### What is being asked
Go through the data and copy every line exactly, but not the images.
[Opening Records for processing section]
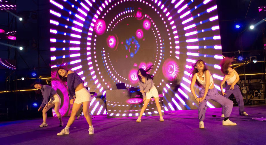 夜色降临后,五光十色的灯光舞美瞬间“点燃”整个山顶,伴着震天撼地的动感音效,巅峰消夏夜在轩辕台拉开帷幕:DJ打碟酷到爆 ,乐队live燥起来,韩风舞蹈炸裂全场。洛桑、迪克牛仔模仿秀惟妙惟肖,让人恍然以为大咖亲临。中华特技达人的绝活引人惊叫连连,大头儿子小头爸爸情景剧表演惹得小朋友们笑声不断,祈福车神的朝拜仪式将平安祥瑞带给现场每个人。
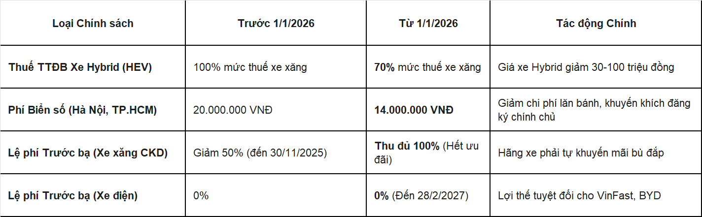 Trong khi xe Hybrid và xe điện được ưu ái, xe xăng truyền thống lại rơi vào thế khó. Chính sách hỗ trợ 50% lệ phí trước bạ (LPTB) của Chính phủ dành cho xe lắp ráp trong nước đã kết thúc vào tháng 11/2025, tạo ra một "khoảng trống chính sách" trong tháng 1/2026.
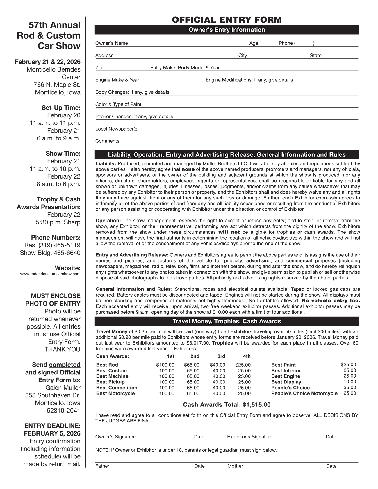 2026 Entry Form – 57th Anniversary Click Here to print, fill out and submit
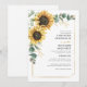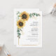 Create a modern Sunflower Floral Wedding invitation card with this cute template featuring beautiful rustic floral bouquet, geometric gold effect frame, with modern simple typography.
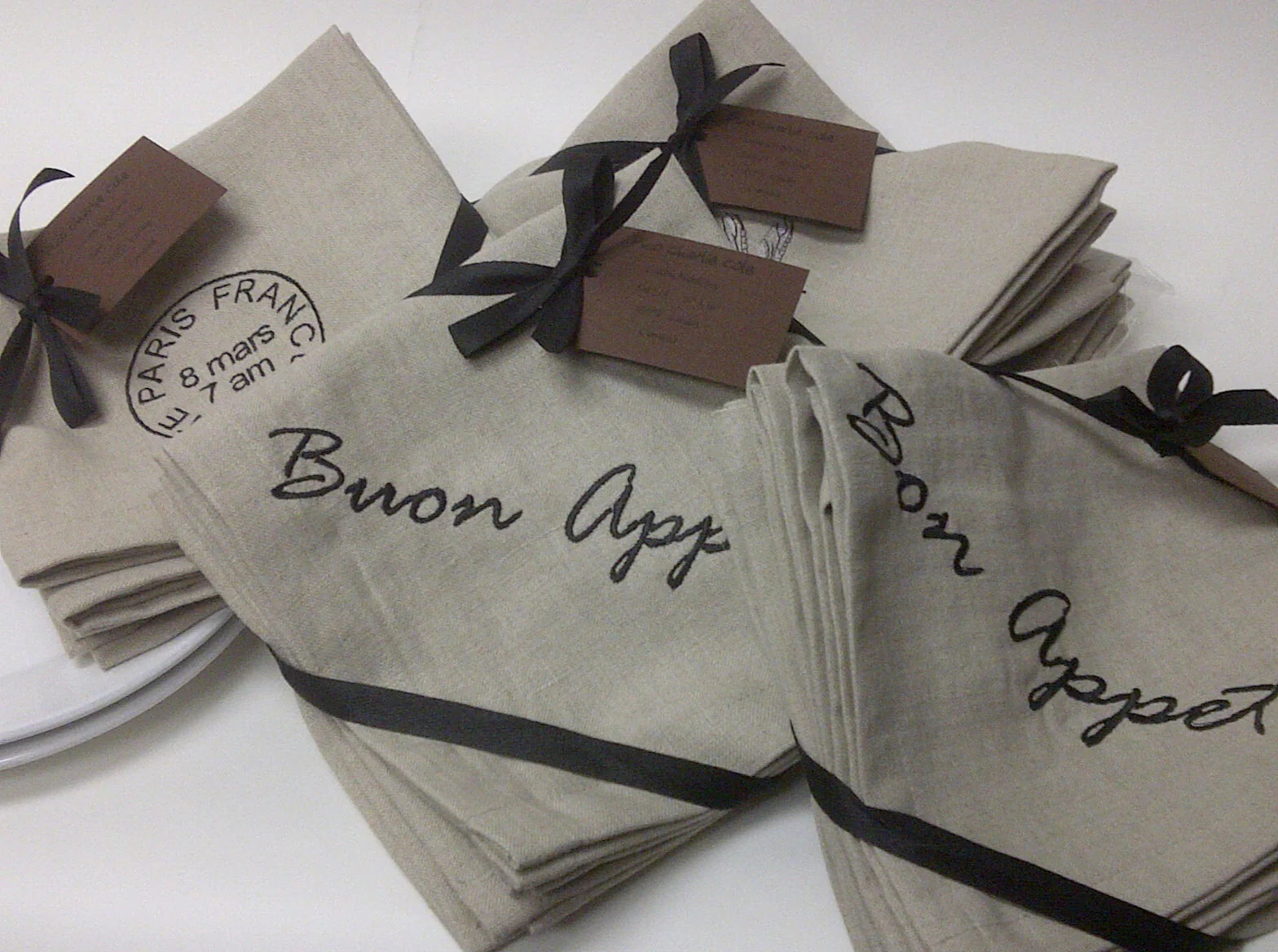 Buon Appetito Set of 4 Linen Embroidered Napkins
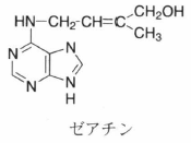 植物ホルモンの一種.植物組織培養系の細胞分裂の促進物質として,DNAの熱分解生成物からカイネチンが単離された.植物生理活性として,カルスにおける葉と芽の形成誘導,腋芽の活性化,老化阻害,栄養の転流調節,細胞周期の調節,着果促進,果粒肥大作用などがある.アデニンの6位の窒素原子にイソペンテニル基をもつ構造が基本骨格で,側鎖のメチル基のトランスに水酸基が導入されたゼアチンが最も強い生理活性を示す.シス体は活性が弱い.9位の窒素にリボースの結合したもの,さらにリボースにリン酸基の結合したものも存在する. AMP, ADP, ATPがイソペンテニル転移酵素によりプレニル化されて生合成される. tRNAの分解によって生合成される経路も可能であるが,その寄与は小さいと考えられている.合成サイトカイニンとしてベンジルアデニンやチジアズロンがある.サイトカイニンは一般的に分裂組織,未熟種子,形成途上の維管束系で濃度が高い.植物病原菌のアグロバクテリアもサイトカイニンを生産して植物に腫瘍組織を形成させるが,その生合成経路は植物の経路とは異なる.サイトカイニンは根で生合成され,導管によって地上部に運ばれると考えられている.サイトカイニンの受容は突然変異体cre1の解析からHis-Aspリン酸リレー系のヒスチジンキナーゼに属するタンパク質によって受容されることが明らかになった.農業上はランのメリクロン培養,リンゴの増収に用いられている.
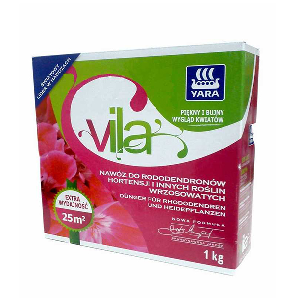 Добрива для рододендронів та азалій, гортензій та вересових Yara Vila - багатокомпонентне гранульоване добриво призначене для догляду за рослинами, що люблять кислі ґрунти - рододендронами, азаліями, гортензіями та вересовими рослинами. Багатий хімічний склад кислих добрив забезпечує рясне цвітіння і надає квітам гарного забарвлення. Регулярне застосування добрив підвищує імунітет та морозостійкість рослин. Багатий склад добрива кислої реакції із вмістом магнію та бору забезпечує активне зростання, сприяє утворенню сильних та здорових нирок. Захист від хлорозу (темні плями на листі). Застосування: Добриво розсипаємо рівномірно навколо рослини, акуратно перемішуємо з верхнім шаром ґрунту та рясно поливаємо. Використовуємо двічі протягом сезону: з інтервалом близько 50 днів, двічі на період вегетації рання весна (березень-квітень) та влітку (липень-серпень) у рівних дозах. Молоді насадження підгодовуємо провесною (березень). Дозування: Молоді насадження: близько 10гр під кожну рослину 30-40 г/м2. Старі насадження: 40-50 г/м2(4-5 кг/100м2), або кожні 10см висоти гортензії або рододендрону по 5гр добрива рівномірно навколо приствольного кола. Розфасовка: 1 та 3 кг
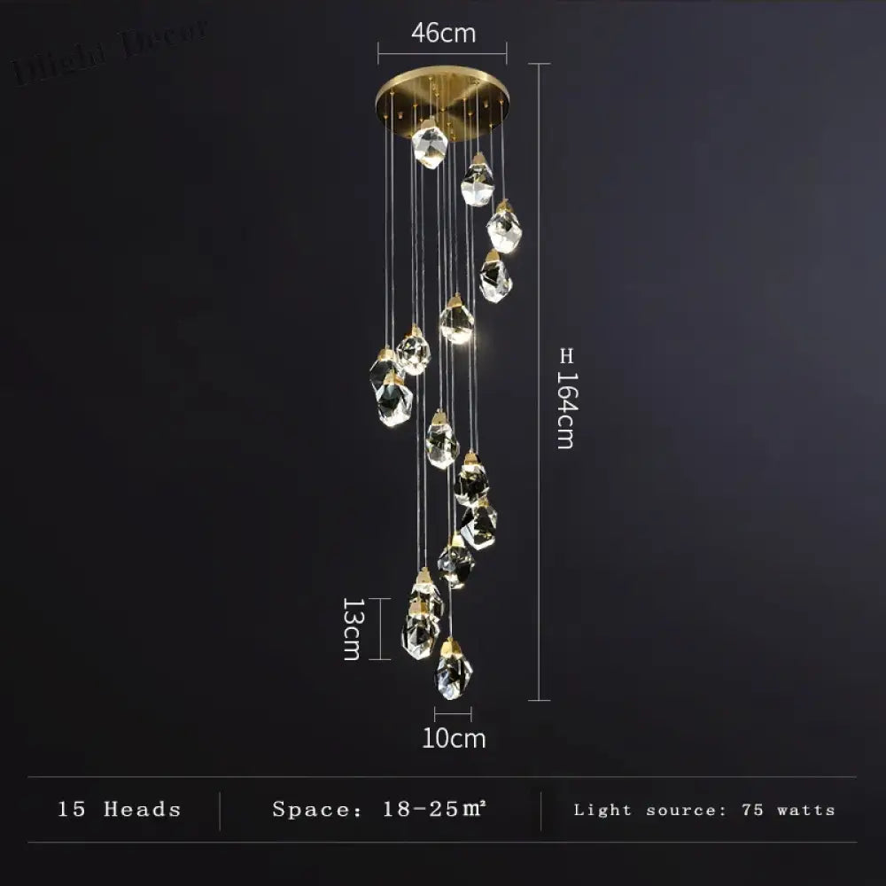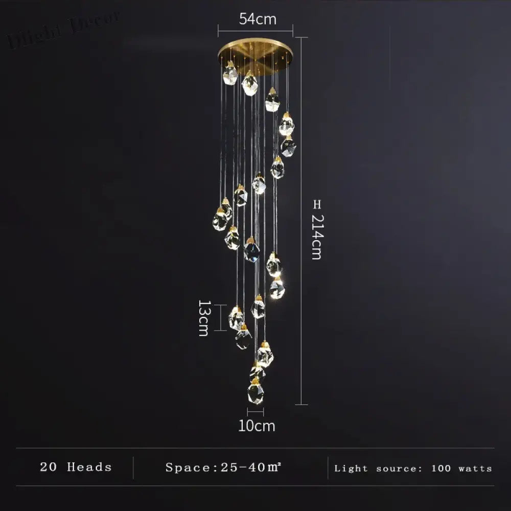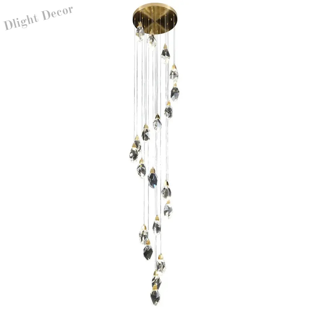 Enhance the elegance of your staircase, living room, duplex, villa, or middle building with our exquisite Modern Simple Light Luxury Crystal Chandelier. This chandelier embodies modern simplicity and luxury, creating a stunning focal point in a variety of spaces.
[Closing Records for processing section]
### The completed task
 夜色降临后,五光十色的灯光舞美瞬间“点燃”整个山顶,伴着震天撼地的动感音效,巅峰消夏夜在轩辕台拉开帷幕:DJ打碟酷到爆 ,乐队live燥起来,韩风舞蹈炸裂全场。洛桑、迪克牛仔模仿秀惟妙惟肖,让人恍然以为大咖亲临。中华特技达人的绝活引人惊叫连连,大头儿子小头爸爸情景剧表演惹得小朋友们笑声不断,祈福车神的朝拜仪式将平安祥瑞带给现场每个人。
 Trong khi xe Hybrid và xe điện được ưu ái, xe xăng truyền thống lại rơi vào thế khó. Chính sách hỗ trợ 50% lệ phí trước bạ (LPTB) của Chính phủ dành cho xe lắp ráp trong nước đã kết thúc vào tháng 11/2025, tạo ra một "khoảng trống chính sách" trong tháng 1/2026.
 2026 Entry Form – 57th Anniversary Click Here to print, fill out and submit
 Create a modern Sunflower Floral Wedding invitation card with this cute template featuring beautiful rustic floral bouquet, geometric gold effect frame, with modern simple typography.
 Buon Appetito Set of 4 Linen Embroidered Napkins
 植物ホルモンの一種.植物組織培養系の細胞分裂の促進物質として,DNAの熱分解生成物からカイネチンが単離された.植物生理活性として,カルスにおける葉と芽の形成誘導,腋芽の活性化,老化阻害,栄養の転流調節,細胞周期の調節,着果促進,果粒肥大作用などがある.アデニンの6位の窒素原子にイソペンテニル基をもつ構造が基本骨格で,側鎖のメチル基のトランスに水酸基が導入されたゼアチンが最も強い生理活性を示す.シス体は活性が弱い.9位の窒素にリボースの結合したもの,さらにリボースにリン酸基の結合したものも存在する. AMP, ADP, ATPがイソペンテニル転移酵素によりプレニル化されて生合成される. tRNAの分解によって生合成される経路も可能であるが,その寄与は小さいと考えられている.合成サイトカイニンとしてベンジルアデニンやチジアズロンがある.サイトカイニンは一般的に分裂組織,未熟種子,形成途上の維管束系で濃度が高い.植物病原菌のアグロバクテリアもサイトカイニンを生産して植物に腫瘍組織を形成させるが,その生合成経路は植物の経路とは異なる.サイトカイニンは根で生合成され,導管によって地上部に運ばれると考えられている.サイトカイニンの受容は突然変異体cre1の解析からHis-Aspリン酸リレー系のヒスチジンキナーゼに属するタンパク質によって受容されることが明らかになった.農業上はランのメリクロン培養,リンゴの増収に用いられている.
 Добрива для рододендронів та азалій, гортензій та вересових Yara Vila - багатокомпонентне гранульоване добриво призначене для догляду за рослинами, що люблять кислі ґрунти - рододендронами, азаліями, гортензіями та вересовими рослинами. Багатий хімічний склад кислих добрив забезпечує рясне цвітіння і надає квітам гарного забарвлення. Регулярне застосування добрив підвищує імунітет та морозостійкість рослин. Багатий склад добрива кислої реакції із вмістом магнію та бору забезпечує активне зростання, сприяє утворенню сильних та здорових нирок. Захист від хлорозу (темні плями на листі). Застосування: Добриво розсипаємо рівномірно навколо рослини, акуратно перемішуємо з верхнім шаром ґрунту та рясно поливаємо. Використовуємо двічі протягом сезону: з інтервалом близько 50 днів, двічі на період вегетації рання весна (березень-квітень) та влітку (липень-серпень) у рівних дозах. Молоді насадження підгодовуємо провесною (березень). Дозування: Молоді насадження: близько 10гр під кожну рослину 30-40 г/м2. Старі насадження: 40-50 г/м2(4-5 кг/100м2), або кожні 10см висоти гортензії або рододендрону по 5гр добрива рівномірно навколо приствольного кола. Розфасовка: 1 та 3 кг
 Enhance the elegance of your staircase, living room, duplex, villa, or middle building with our exquisite Modern Simple Light Luxury Crystal Chandelier. This chandelier embodies modern simplicity and luxury, creating a stunning focal point in a variety of spaces.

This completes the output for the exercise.